Saturday, September 18, 2010

A Defense of Whistling?

"Because girls and newsboys pipe ragtime without regard to the diatonic scale," wrote Schauffler, "why should my avocation be banned by polite society?"

Robert Haven Schauffler (1879-1964) was a cellist who became a successful journalist, writer and poet. He is best known for his colorful biographies including: Beethoven: The Man Who Freed Music (1929), The Unknown Brahms (1933), Florestan: The Life and Work of Robert Schumann (1945), and Franz Schubert: The Ariel of Music (1949).

He also wrote travel books, a series of books discussing and explaining holidays and observances: Thanksgiving (1907), Arbor Day (1909), and Washington's Birthday (1910).
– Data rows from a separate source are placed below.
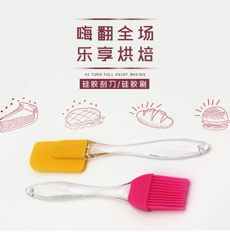 Transparent handle silica gel small brush resistant to high temperature baking brush silica gel brush + scraper two-piece cake cream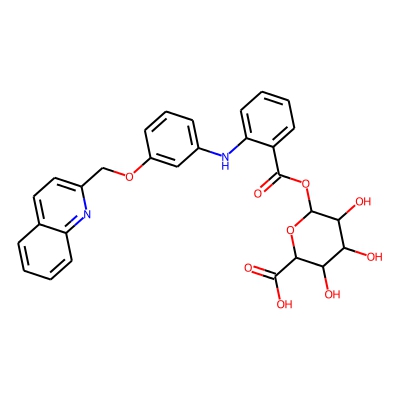 | CCSBASE_1FEC5D5C64 | Sr-2640_met008 | [M+H]+ | 547.1716 | 211.4 | O=C(OC1OC(C(=O)O)C(O)C(O)C1O)c1ccccc1Nc1cccc(OCc2ccc3ccccc3n2)c1 | small molecule | 1 | 26 | DT | single field, calibrated | |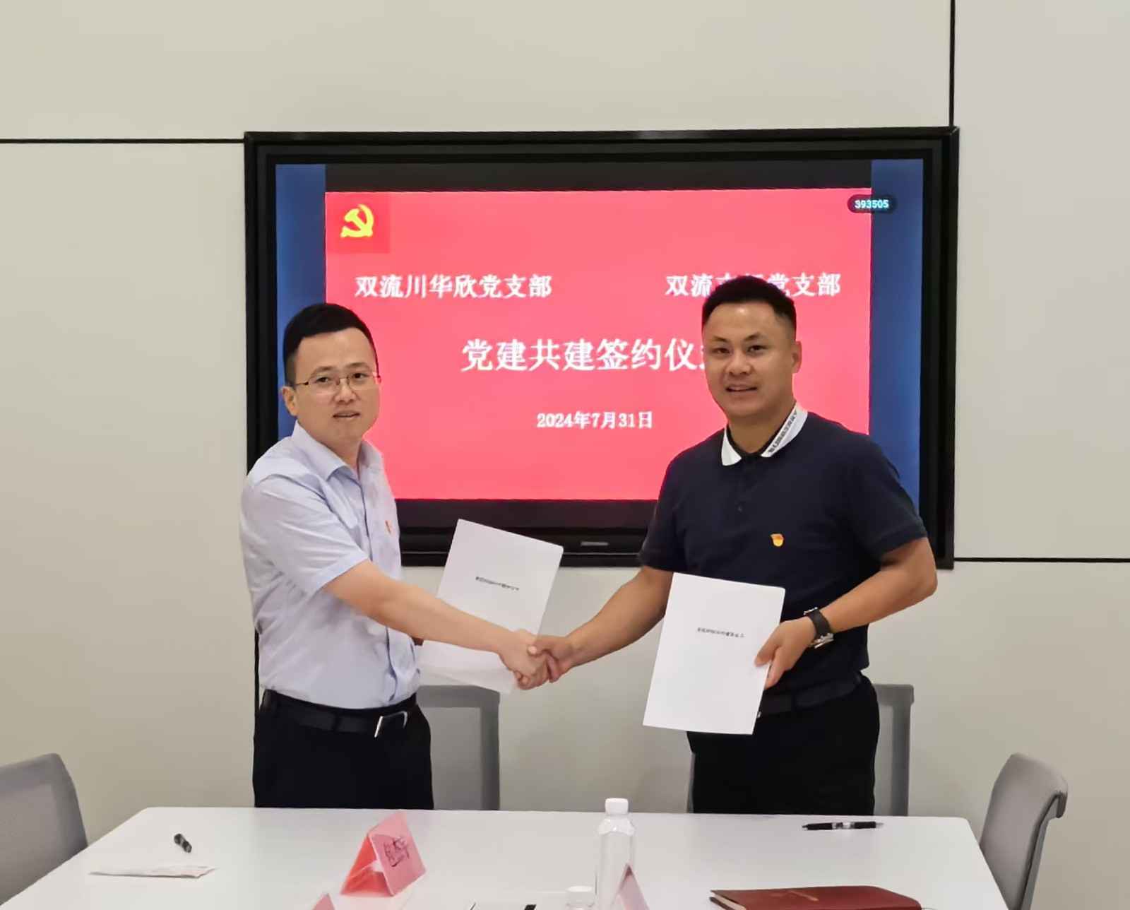 雙流川華欣黨支部副書記周揚(yáng)鑫、四川銀行雙流支行黨支部書記凌胤欽出席簽約儀式并代表雙方簽署“黨建結(jié)對共建活動”協(xié)議書。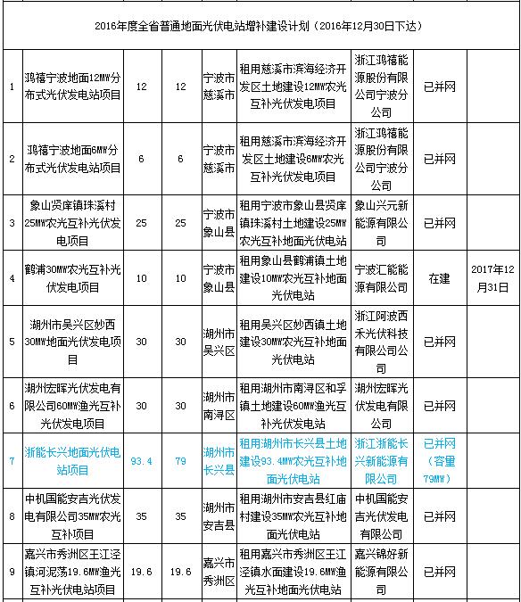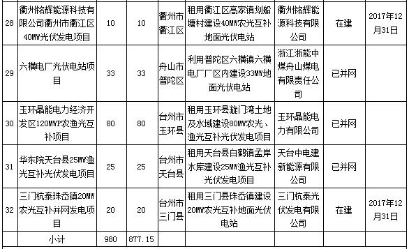 浙江省2016年普通地面光伏電站建設(shè)計劃調(diào)整和2017年度光伏指標分配方案

I helped prepare an edition of his book on Christmas (1907) for Project Gutenberg in 2006.

His colorful essay, "A Defense of Whistling" was first published in the Atlantic Monthly in 1910 and the next year was reworked and included in his book called "The Musical Amateur."

"My avocation consists in whistling to myself the most beautiful melodies in existence, and I go about in a state of perpetual surprise that no one else does likewise. Never have I heard a passing stranger whistling anything worth while; but I have my plans all laid for the event... .I shall chime in with the second violin or cello part perhaps, or, if he has stopped, I shall pipe up the answering melody.
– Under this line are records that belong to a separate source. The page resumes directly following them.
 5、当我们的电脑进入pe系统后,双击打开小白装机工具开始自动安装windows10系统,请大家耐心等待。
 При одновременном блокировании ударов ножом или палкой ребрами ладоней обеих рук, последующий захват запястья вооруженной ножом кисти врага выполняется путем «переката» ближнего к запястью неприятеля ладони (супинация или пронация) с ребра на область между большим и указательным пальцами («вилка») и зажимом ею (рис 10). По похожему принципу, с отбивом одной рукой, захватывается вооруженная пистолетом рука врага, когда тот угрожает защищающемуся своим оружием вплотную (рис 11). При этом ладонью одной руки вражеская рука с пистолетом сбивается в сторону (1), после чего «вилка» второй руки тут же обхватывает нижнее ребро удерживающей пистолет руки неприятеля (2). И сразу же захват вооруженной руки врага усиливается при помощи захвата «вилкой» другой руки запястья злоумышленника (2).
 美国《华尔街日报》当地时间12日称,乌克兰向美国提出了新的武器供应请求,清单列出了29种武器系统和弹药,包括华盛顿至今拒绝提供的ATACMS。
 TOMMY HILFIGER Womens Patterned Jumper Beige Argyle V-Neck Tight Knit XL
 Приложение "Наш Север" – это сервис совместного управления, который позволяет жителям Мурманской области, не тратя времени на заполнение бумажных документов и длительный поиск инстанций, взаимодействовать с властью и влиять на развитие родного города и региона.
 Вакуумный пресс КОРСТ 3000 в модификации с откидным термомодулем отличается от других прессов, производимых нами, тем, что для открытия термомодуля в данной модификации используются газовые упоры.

"The human whistle is the most delightfully informal of all instruments. It needs to inglorious lubrication of joints and greasing of keys like its dearest relative the flute. It is not subject to the vocalists eternal cold. It knows no inferno of tuning and snapping strings, nor does it need resin..

"One of the best qualities of the whistle is that it is so portable. The whistler…shall have music wherever he goes: and to carry about a wealth of Schubert and Beethoven and Chopin is more to me than much fine gold. Brahms is one of the most whistle-able of composers, and my two specifics for a blue Monday are to read Stevenson’s Letters and to whistle all the Brahms themes I can remember."